By preventing liquidity-driven slowdowns, the intervention helps preserve incentives for quality production and protects Ghana’s reputation for premium cocoa on international markets.
The latest support builds on IFC’s growing footprint in Ghana’s cocoa sector. In June 2025, the institution announced a US$40 million partnership with Société Générale Ghana to expand access to finance, support sustainable production and improve market access for tens of thousands of smallholder farmers.
That facility focused on climate-smart farming practices such as agroforestry, improved cocoa varieties and sustainable land management, while strengthening traceability systems to meet international standards, including the European Union Deforestation Regulation (EUDR).
The EUDR, which took effect on December 31, 2025, requires proof that cocoa exported to the EU was not produced on land deforested after December 31, 2020. Ghana has responded by implementing the Ghana Cocoa Traceability System, tracking cocoa from individual plots to ports of shipment.
In February 2025, IFC also provided US$230 million to agricultural commodities trader ECOM Agro Industrial to support cocoa operations in Ghana and Côte d’Ivoire. The financing aimed to stabilise purchasing volumes, strengthen balance sheets and deepen investment in sustainable supply chains.
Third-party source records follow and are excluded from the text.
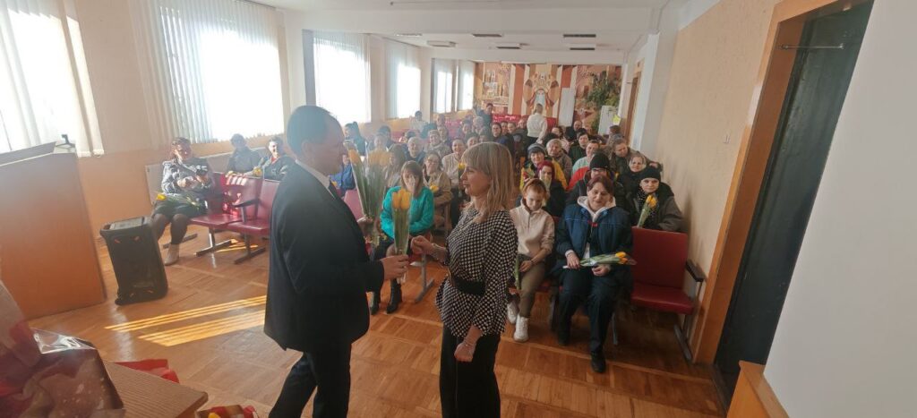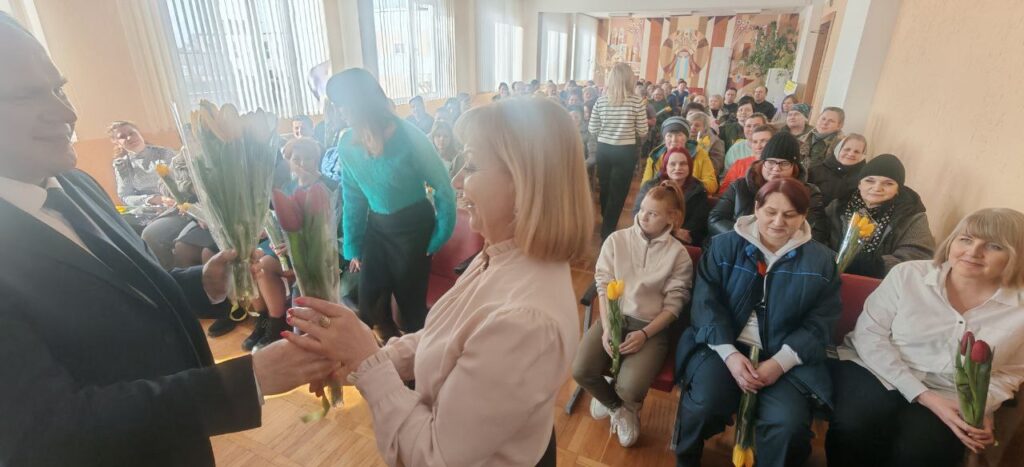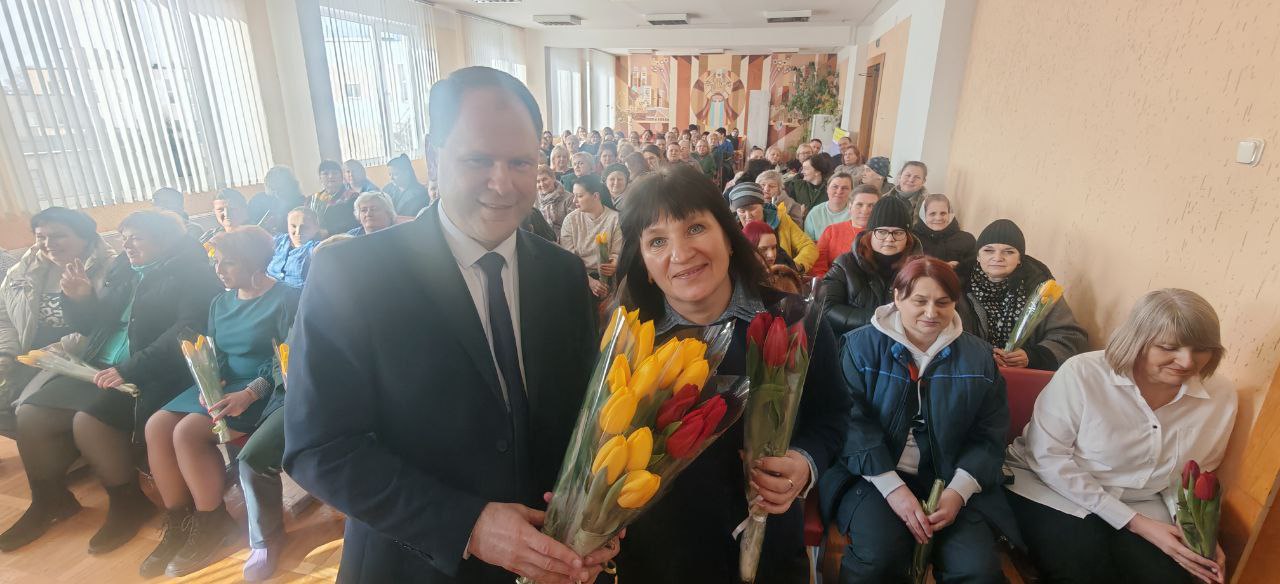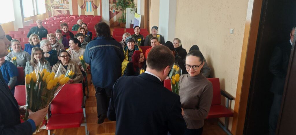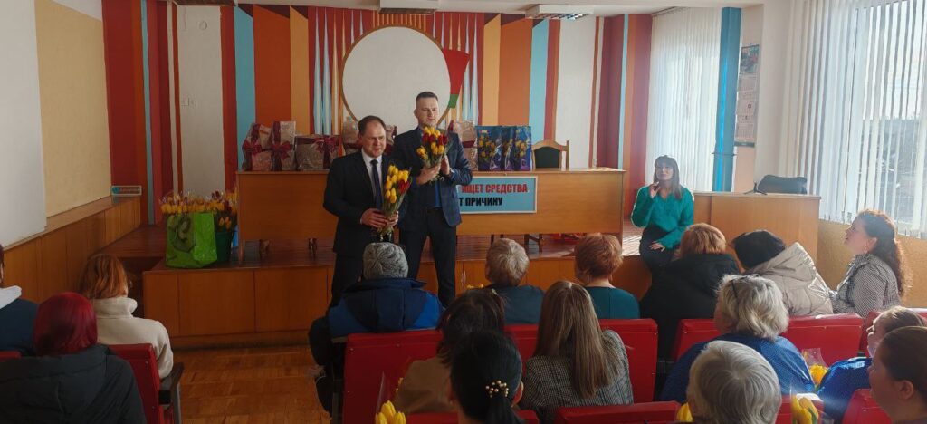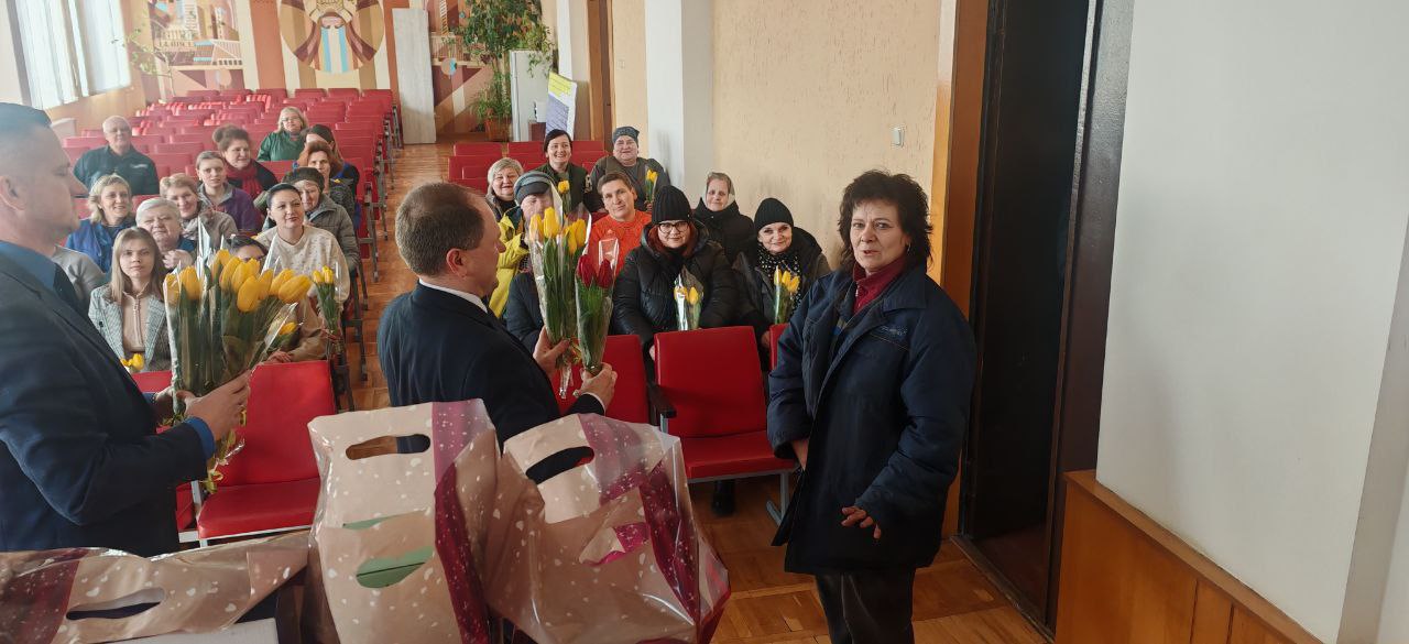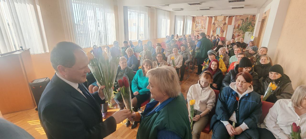 В преддверии 8 Марта в «Универсал Бобруйск» случилось настоящее, душевное чудо. Директор Сергей Александрович Гайшун и заместитель директора по идеологической работе Сергей Александрович Кипель лично поздравили всех женщин предприятия!
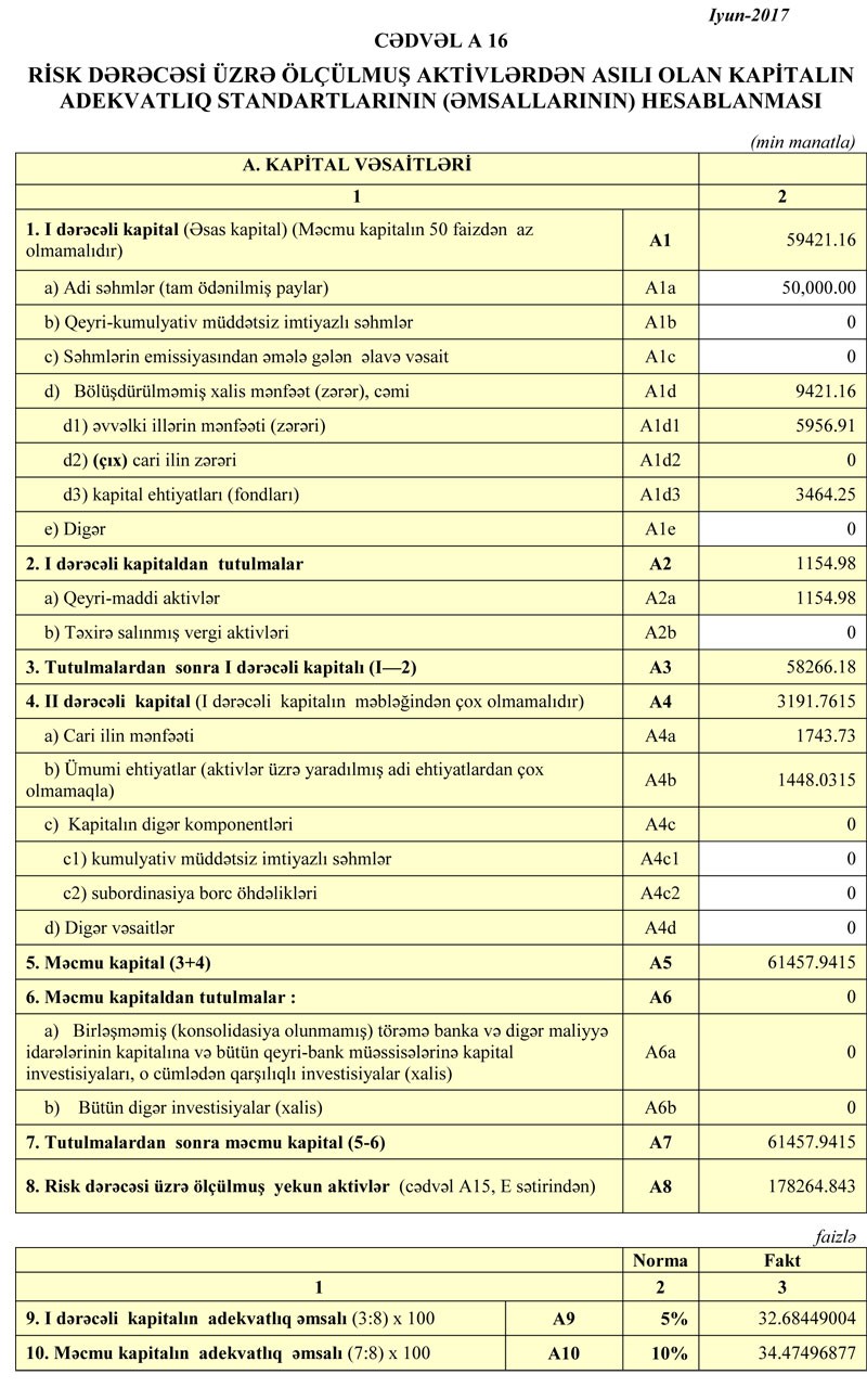 “Ziraat Bank Azərbaycan” ASC 2017-ci ilin 1-ci yarısını 1 milyon 744 min manat xalis mənfəət ilə başa vurub. Bank 2016-cı ilin birinci yarısında bu ildəkindən 2 dəfə çox - 3 milyon 495 min manat xalis mənfəət əldə etmişdi.
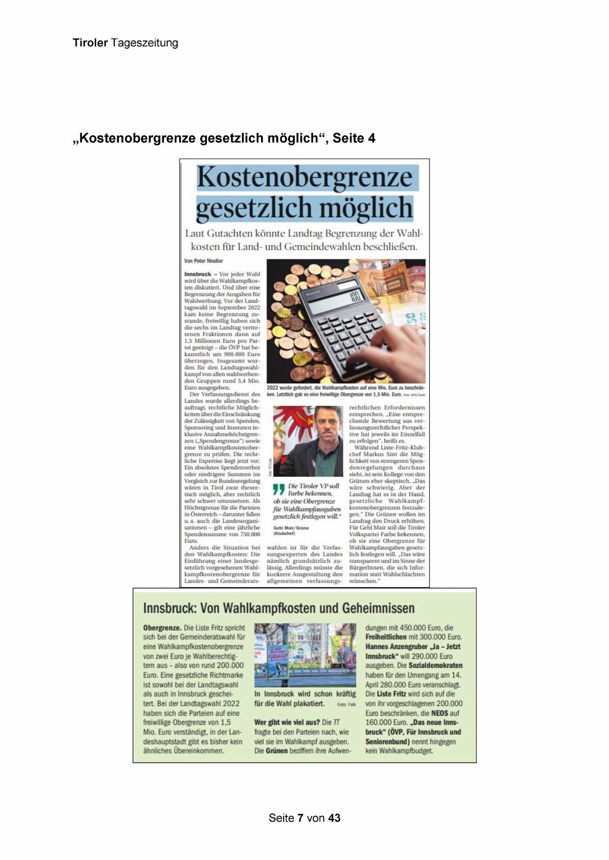 Innsbruck: Von Wahlkampfkosten und Geheimnissen
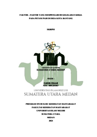 TEGAR, FAHMI (2024) Faktor – Faktor Yang Mempengaruhi Kelelahan Kerja Pada Petani Padi Di Desa Kota Rantang. Skripsi thesis, UIN Surmatra Utara Medan.
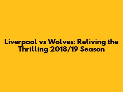 Liverpool Vs Wolves: Reliving The Thrilling 2018/19 Season
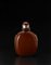 Snuff bottle in corniola di forma arrotondata con mascheroni incisi sui lati, cucchiaino in argento Cina, fine XIX/inizio XX secolo A carnelian agate snuff bottle with twin mask handles, silver spoon China, late 19th/early 20th century (h cm 7,5)

ECOM, through subsidiaries including Agroecom and Unicom Commodities in Ghana, purchased nearly 150,000 tonnes of cocoa during the 2023/2024 season, with 68 percent sourced from communities benefiting from support programmes.
Ghana’s cocoa production fell sharply to approximately 336,000 metric tonnes in the 2024/2025 season, down from levels above 600,000 tonnes in earlier years. Weather challenges, ageing tree stock, disease pressures and illegal mining activity have all contributed to the decline.
For the 2025/2026 season, COCOBOD projects a recovery to 650,000 metric tonnes, citing improved weather, rehabilitation programmes and the distribution of free inputs. The forecast is viewed as conservative after previous projections proved overly optimistic.
Global cocoa prices have also retreated from record highs above US$12,000 per tonne in early 2024 to around US$5,100 per tonne. While easing some revenue pressure, the decline has reduced margins available to absorb financing costs during periods of delayed funding.
Ghana announced a producer price of US$5,040 per tonne for the 2025/2026 season, representing 70 percent of the Free On Board value at the time. With global prices now trading below that level, COCOBOD faces added financial strain.
The financing gap reflects broader challenges facing COCOBOD, including difficulty securing syndicated loans amid concerns about Ghana’s debt sustainability and cocoa sector volatility. While IFC’s intervention provides critical short-term relief, it cannot permanently replace a functioning sector financing framework.
Parliament is expected to consider amendments to the Ghana Cocoa Board Act aimed at improving financial discipline and refocusing COCOBOD on its core mandate. Successful reforms could restore lender confidence and reduce reliance on emergency financing.
For now, the coordinated effort involving IFC, the Bank of Ghana, the Ministry of Finance and local banks is ensuring that cocoa purchasing continues during critical harvest months. Maintaining that coordination while addressing the root causes of financing delays remains the central challenge for Ghana’s cocoa sector going forward.